Looking at least 15 year older than his 46 years and with an accent and enunciation that sometimes seem to be channeling Sydney Greenstreet, Hoffman plays Gunter Bachmann, a German operative on a career downslide after a failed mission in Beirut. He now heads a secret team in Hamburg whose job is to keep an eye on the Islamic community for possible terrorist activity. (You may not recall that this grey port city was where Mohammed Atta and his collaborators hatched the Sept. 11 attacks, but the German government remembers very well.)

Bachmann and his crew believe that a prominent Islamic philanthropist, Dr.
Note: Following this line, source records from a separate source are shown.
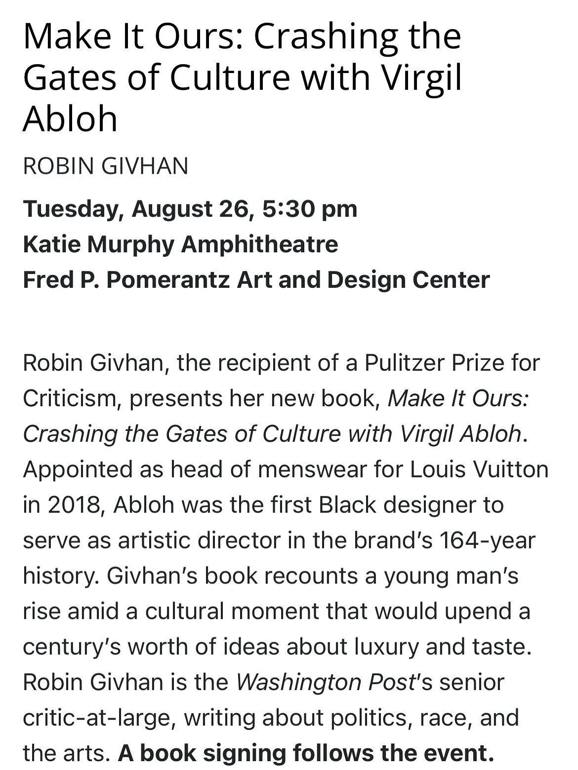 On November 6, I’ll be in conversation with Monica L. Miller at The 92nd Street Y in New York City. When I lived in New York, I went to so many events there. And now I’m beyond thrilled to take the stage to talk with Monica about Virgil, culture, diversity and optimism. Monica guest curated “Superfine” at the Met. She is an extraordinary thinker. And a lovely human. Please join us!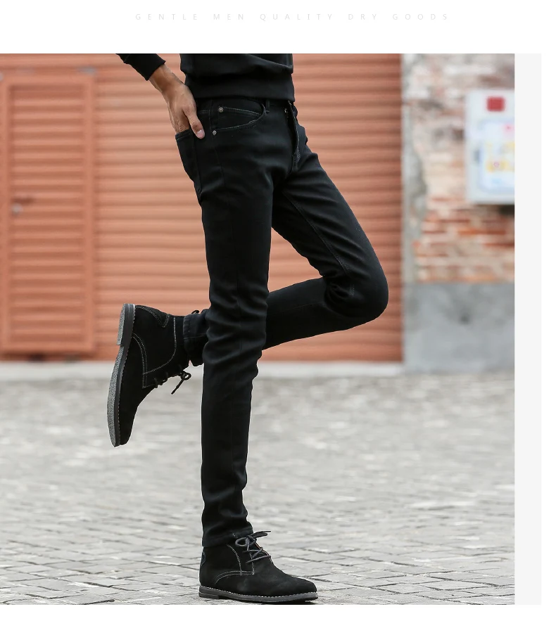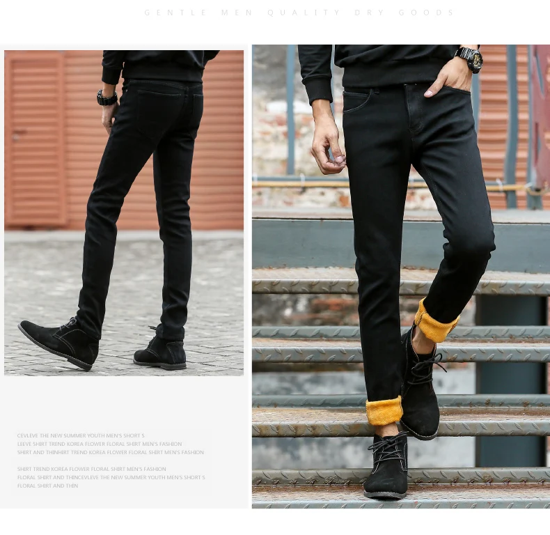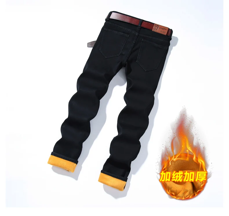 Зимние новые облегающие джинсы, мужские теплые джинсы, деловые повседневные эластичные плотные обтягивающие джинсовые брюки, Брендовые брюки черного цвета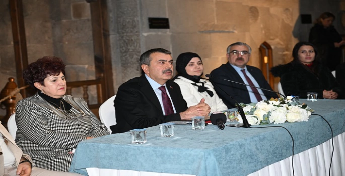 SERHED HABER - Erzurum Yakutiye Medresesi'nde Öğretmenler Odası Buluşmasında konuşan Milli Eğitim Bakanı Yusuf Tekin, Erzurum'da Maarif Kongresi düzenleyeceklerini ifade etti. Bakan Tekin, "Bu yıl ilk defa sahadaki öğretmen arkadaşlarımızın uygulamalarını paylaşabileceği, bu uygulamaları da bilimsel bir formata kavuşturup, bir hakem incelemesinden geçerek paylaşabildiği bir sempozyuma dönüştürdük. Bir kongre havasında yapacağız. Bu vesileyle tekrar hepinizin Öğretmenler Günü'nü kutluyoruz. Sağlık, sıhhat, mutluluk ve içerisinde nice öğretmenler gününü hep birlikte yaşarız inşallah. Bugün buradaki konuşmamız veya toplantımız biz başladığımız gün yani 2023 Haziran ayından itibaren, gittiğimiz her ilde öğretmenlerle sohbet etmeyi, öğretmen arkadaşlarımızla sohbet etmeyi bir disiplin haline getirmiştik. Sonra bunu rutinleştirdik. Öğretmenler Odası başlığıyla oturup sohbet etmek, istişare etmek, uyguladığımız, uygulamaya çalıştığımız programların politikalarının, yeniliklerin sahada nasıl karşılandığını, eksikliklerinin giderilebilmesi, daha sağlıklı yürümesi için neler yapılması gerektiğini, öğretmen arkadaşlarımızla sohbet ediyoruz" dedi.
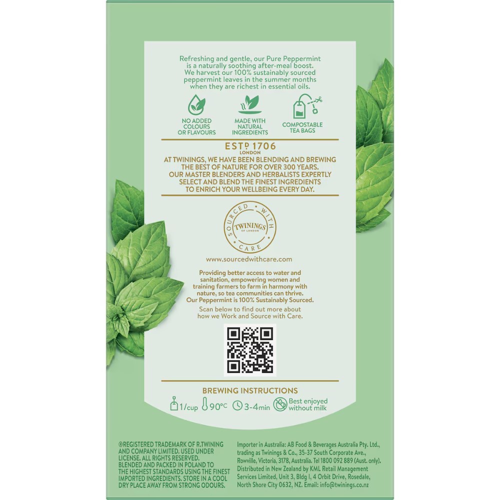 • Carefully selected the most aromatic leaves for our Pure Peppermint blend, to deliver a fresh and invigorating experience with every sip.
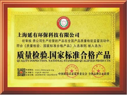 图/延有环保系列产品被评获“质量检验.国家标准合格产品”

Faisal Abdullah (Homayoun Ershadi), has been funneling money to terrorists. Conflicted because Abdullah publicly is a proponent of peace and collaboration, Bachmann develops a plan to control him.

The other players in his scheme include Issa (Grigoriy Dobrygin), a half-Russian half-Chechen refugee wanted by the government; Tommy Brue (an unusually dapper Willem Dafoe), a British banker whose father laundered money for the Russian mafia, and Annabel Richter (Rachel McAdams), a human rights attorney trying to help Issa.

The screenplay by Andrew Bovell (Lantana) reworks le Carre’s novel substantially, though as executive producer of the film he presumably approved. Romantic threads are minimized, as is le Carre’s outrage at heavy handed American anti-terrorism tactics (so strongly felt when he published the book in 2008 that some critics felt it was less a novel than a polemic). And Bachmann becomes the central figure, a European counterpart to George Smiley. (In a recent New York Times piece, le Carre said that Hoffman was the only American actor who could play Smiley.)

What remains of le Carre’s critique is leveled at international intelligence agencies that are run from the top down with too little regard for the long term and too much concern with proving to the public that they’re doing their jobs.

Director Anton Corbijn keeps the complicated story running smoothly—it’s a lot easier to follow than the recent remake of Tinker Tailor Soldier Spy. And as good as Hoffman is, it’s not a star turn: he’s part of a strong ensemble. (So strong that minor roles of Bachmann’s co-workers are played by Nina Hoss and Daniel Bruhl, German actors working way below their stature.)

Intelligent and morally probing, with a minimum of pulse-racing action scenes, A Most Wanted Man is the kind of adult thriller that doesn’t usually get released until the fall. It would be a shame if it fails to find an audience in the swamp of summer blockbusters.

Opens Friday at the Eastern Hills and North Park Theaters.